Der sich aus der entsprechenden Anwendung des § 82 Abs 3 Satz 1 SGB XII ergebende Freibetrag ist von "dem Einkommen", also von dem Bruttoeinkommen, zu berechnen (s auch Schmidt in jurisPK-SGB XII, § 82 RdNr 67 mwN). Der Absetzbetrag bestimmt sich damit wie in § 30 SGB II aF und § 11b Abs 3 SGB II nF - unabhängig von den übrigen "personenbezogenen" Absetzbeträgen.

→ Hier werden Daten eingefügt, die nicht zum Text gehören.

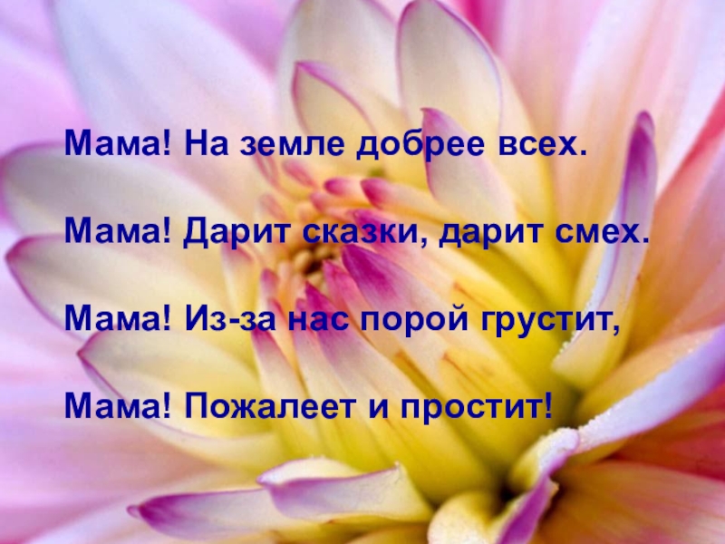 Мама! На земле добрее всех.Мама! Дарит сказки, дарит смех.Мама! Из-за нас порой грустит,Мама! Пожалеет и простит!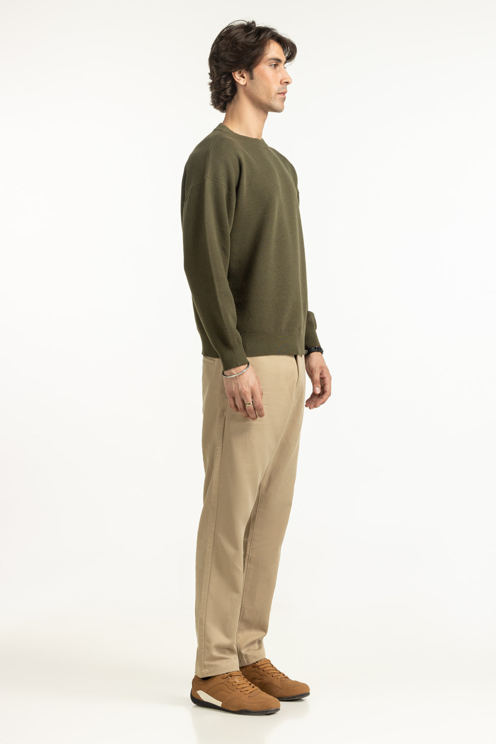 With an earthy color palette, this sweater offers grounded yet stylish winter aesthetics. The crew neckline frames the look with simplicity, while the regular fit keeps comfort at the forefront. Its lightweight warmth meets refined craftsmanship in every stitch, that speaks with a youthful and understated class.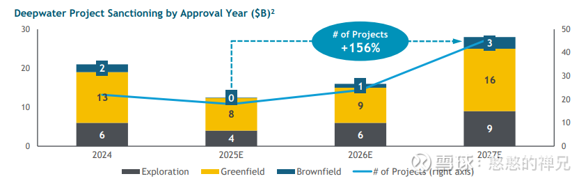 深水复苏:预计到2027年,深水项目的批准量将增加150% 。这是由于陆上页岩油产量增长放缓,全球石油巨头重新将目光投向储量巨大的深海。
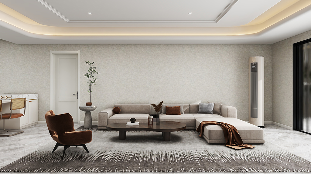 客厅采用了奶咖色的可可砂绒材料效果,配以浅灰色系的简约家具,营造出一个开放、简洁的居住环境,让人身处其中,可以全身心放松,消除一天的疲劳感。

Diese sind - soweit sie konkret anfallen - zunächst gesondert zu berücksichtigen (vgl BSG Urteil vom 15.4.2008 - B 14/7b AS 58/06 R - SozR 4-4200 § 9 Nr 5 RdNr 46).
Der Beklagte wird das Sozialgeld der Klägerin nach den genannten Vorgaben neu zu berechnen haben. Durch den Abzug eines Freibetrags vom Erwerbseinkommen ergibt sich in jedem Fall ein höheres Sozialgeld für die Klägerin. Ob ihr Erwerbseinkommen im Ergebnis überhaupt nicht berücksichtigt werden muss, wie die Klägerin meint, hängt von der konkreten Berechnung unter Berücksichtigung des Freibetrags nach § 82 Abs 3 Satz 1 SGB XII und weiteren Absetzbeträgen ab.